The most telling moment for me was an eerie one. In the thick midst of pluralism a young man was called forward to play the Jewish Shofar. A watered down description was given, platitudes about the Jewish new year and a call to prayer were given as an explanation of its purpose. This is inaccurate. The Jewish Shofar is used as a call to Worship. I have played a Jewish Shofar before, and I have gotten a sound from it. It fills the room, with an all encompassing trumpet call that speaks to the deepest depths of our souls. When the young man stood yesterday to blow the Shofar, he tried at least ten times to get a sound from it, but nothing but sputters came. Now I am sure that they would not have asked someone to play it that was unable. At first I thought it was embarrassing that he could not play it. But nobody in the arena (well very few) would have known that he failed to make the Shofar play. I then realised what was happening. The Shofar is a call to worship the LORD. As a nation it would have been a call to worship. It would have been the beginning of the transation of which I spoke. If we had have called on God as a nation for help, then he would have responded by calling on us to worship Him. But we could not call out for help. Sadly, (but I completely understand why) God would not call us to worship either. I fully believe that God did not allow the Shofar to blow. It was eerie. Most people in the arena would have had no idea.
God is not punishing our nation. I don't believe that his time for judgment is now.
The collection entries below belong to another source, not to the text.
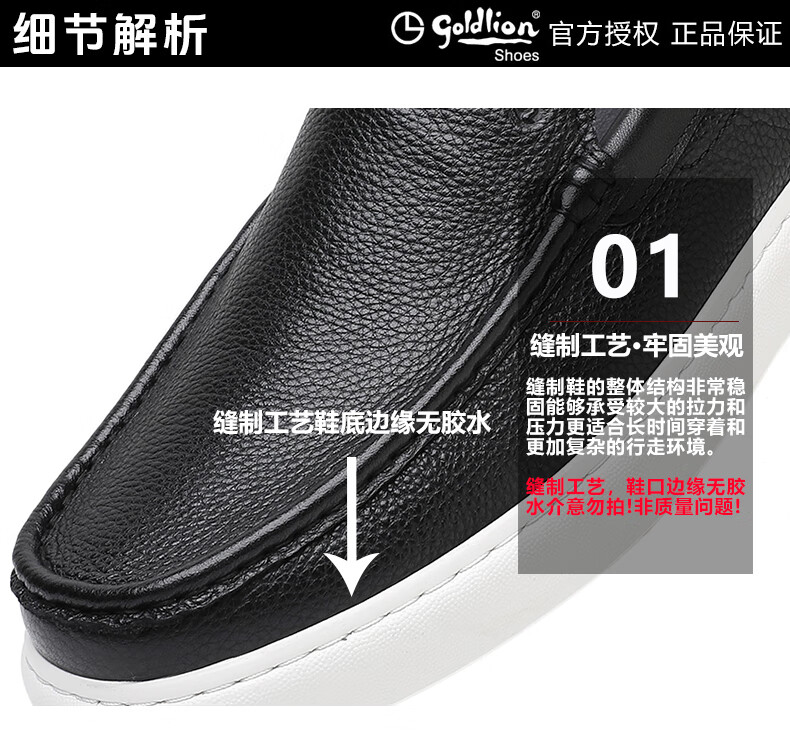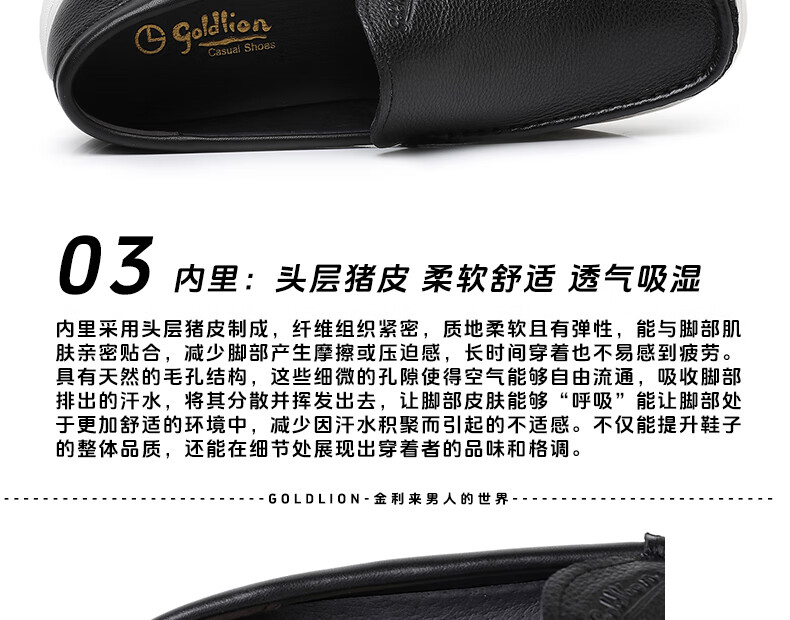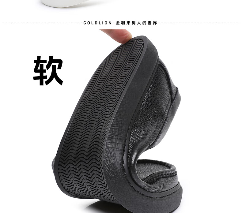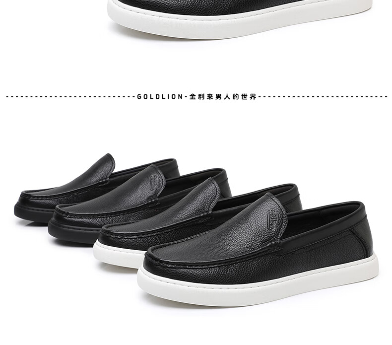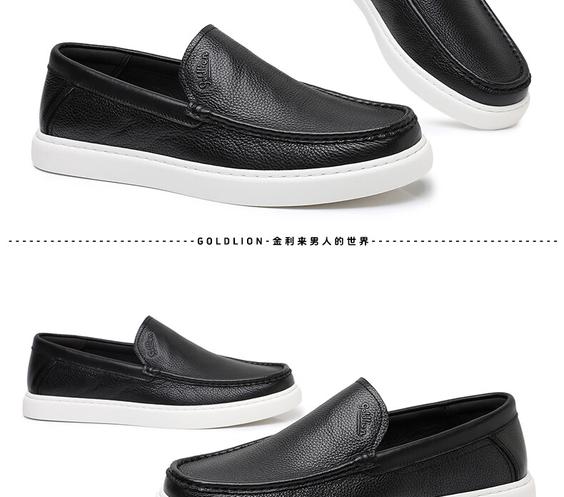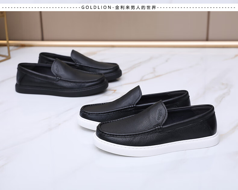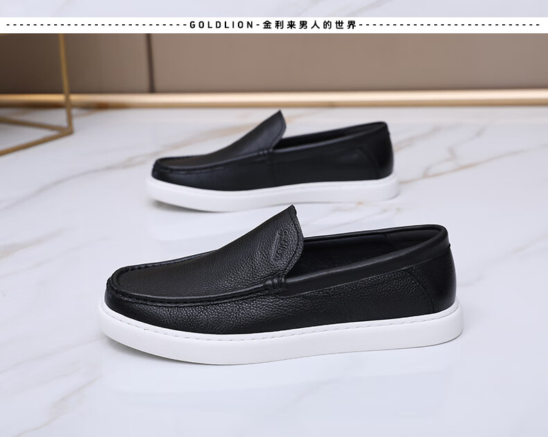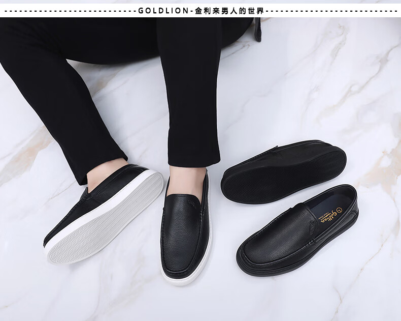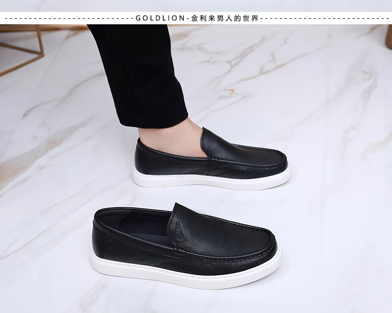 Goldlion Men's Loafers Soft Leather Business Casual Leather Toe Cowhide Men's Flat Shoes Breathable Single Shoes Black 40
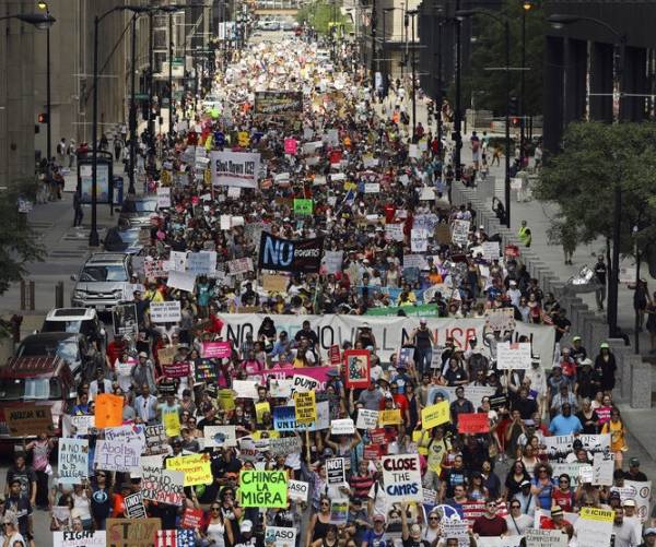 CHICAGO, EEUU.- Miles de personas protestaron contra las políticas migratorias de Trump. Foto: AP
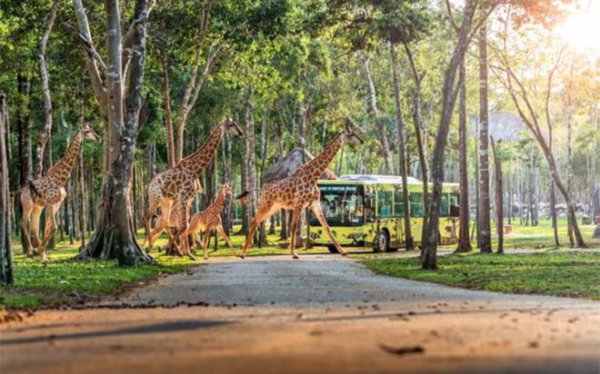 Đặc biệt hấp dẫn là công viên bảo tồn động vật bán hoang dã quy mô hàng đầu châu Á Vinpearl Safari. Đây là nơi đang chăm sóc và bảo tồn gần 200 loài động vật và đa dạng hệ sinh thái thực vật, giúp du khách tìm hiểu và làm quen rất nhiều loài thú quý hiếm đến từ khắp nơi trên thế giới trong môi trường sinh sống gần giống với tự nhiên nhất.
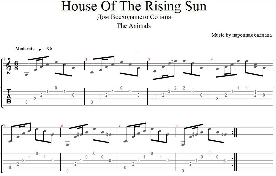 Гимн восходящего солнца Ноты для гитары.
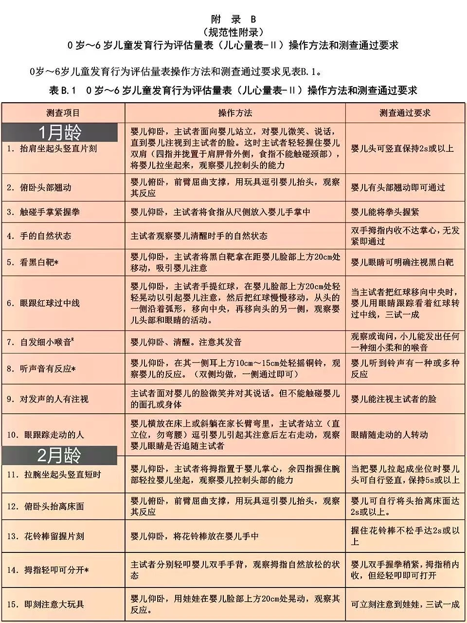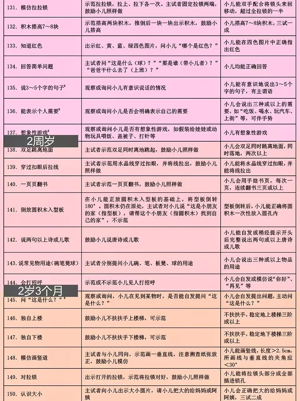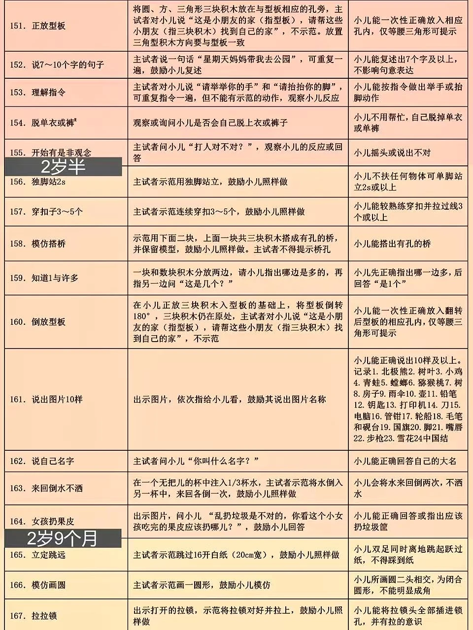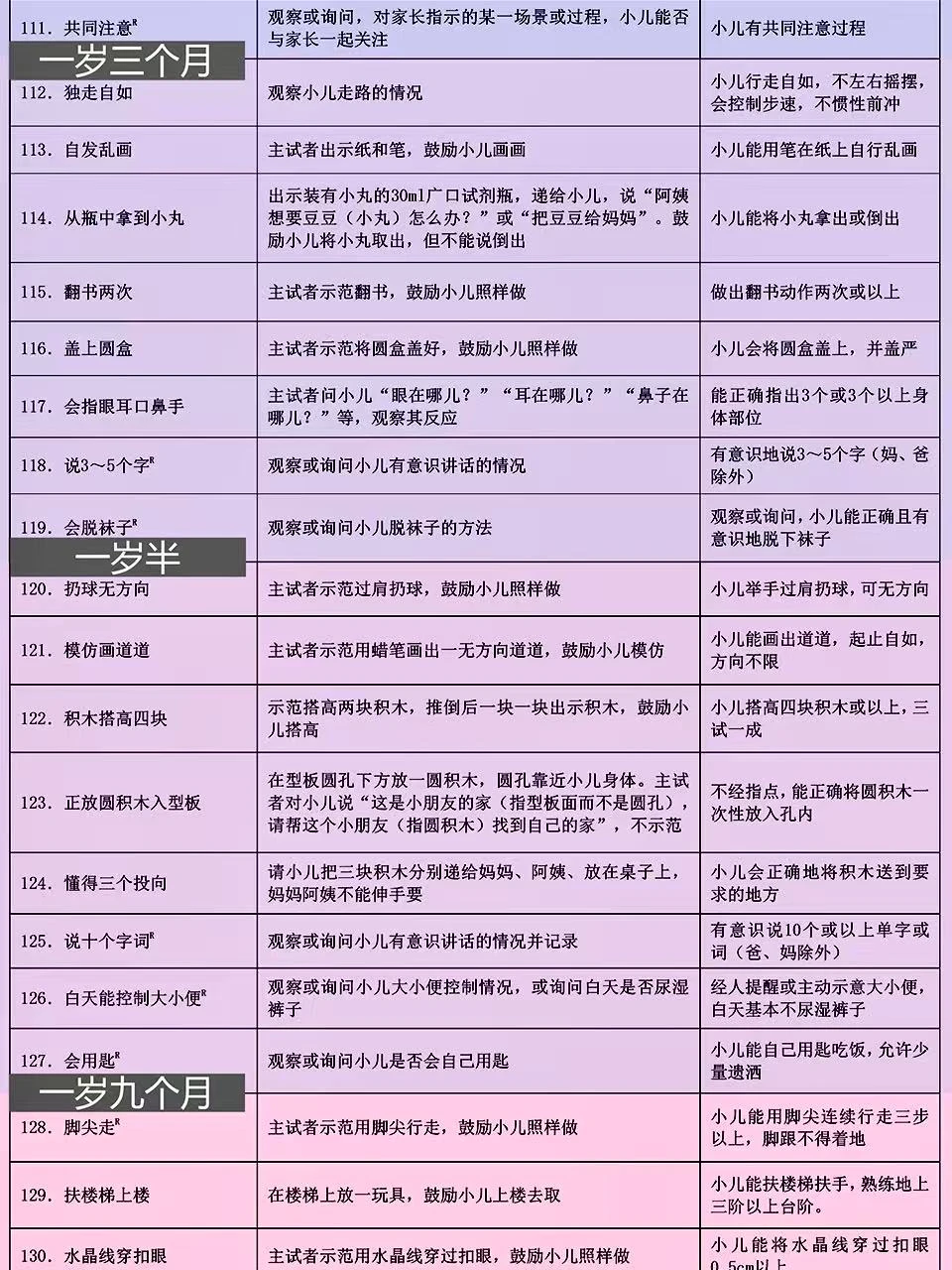 上周带宝宝去做儿保,🧑⚕️医生用的就是这份卫健委出的0-6岁儿童发育行为评估表📝 这表格可详细了,按月龄把宝宝应该会的小技能都列出来了,新手爸妈照着这个在家做早教特别方便~ 好多儿童🏥和专业机构都用它,比网上找的杂七杂八的资料靠谱多啦! 🌈已经按月龄用不同颜色区分好了,宝宝现在该会啥、接下来要练啥,一眼就能看清楚,真的超实用!建议收藏起来,随时翻出来对照着做哦~
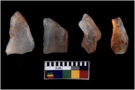 | Description / विवरण | There are n 4 of utilized worked cores and show multidirectional irregular scar pattern on both dorsal and ventral sides. Two have a broken tip. |
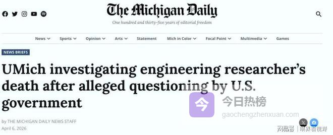 气味是消毒水的刺鼻,数字是 31 岁的年轻生命,冲突是顶刊发文的喜悦与跳楼身亡的悲剧。3 月 20 日,中国博士后汪丹浩在美国密歇根大学坠亡,而就在同一天,他的最新论文刚在顶级期刊《自然·电子学》刊发。本该是学术生涯的高光时刻,却成了生命的终点。日前,外交部发言人证实,汪丹浩在遭美方执法人员约谈盘问后不幸自杀。这不仅是个人悲剧,更是中美学术交流冰封下的极端缩影。

There will be a time for judgement, but I actually think that God reserves this for the end of our lives. Hebrews 9:27 explains this simply : "Man is destined to die once, and after that to face judgement." God is waiting for our nation to call to Him. He loves us and has compassion for us in our suffering, but he will not force himself upon us, he will wait patiently. Again the question remains, "what will it take for us to turn to God as a nation?" Perhaps war, or economic depression?
Last evening we had a time of prayer and worship back at Kangaroo Ground with some of the other students. We took some time to pray for Australia, a nation without God. As my wife prayed, she admitted that she would like to pray for rain, but that she had a sense that God is even more concerned that Australia would turn to him. There is a very telling promise in scripture, that I think is timely for Australia. It comes from 2 Chronicles 7:14 "If my people who are called by my name, will humble themselves and pray and seek my face and turn from their wicked ways, then I will hear from heaven and will forgive their sin and will heal their land." This is a promise of good things, not of punishment. But it will first take humility from Australia, not pride as we have been showing recently. God is waiting and will act when we turn to him.
We have now had 12 years of drought in Victoria. Our water reserves in Victoria are below 30%. The fires have furthered damaged our water catchment areas. We are facing a dire time, of potential water shortage. Water is the essence of physical life. Our spiritual lives as a nation, at least in Victoria are progressively void. In a symbiotic kind of way, the sicker we get spiritually as a nation, the sicker the land gets.
How long will we wait before we turn to God? I hope not too long. The land is getting sicker. What will it take for us to turn to God as a nation? I hope that it will not take more suffering for us to wake up. But I fear we are quite deaf, and that worse tragedies are yet to come, be that economic depression or even war (that seems to follow such trends).
Australia I call on you, turn to your God.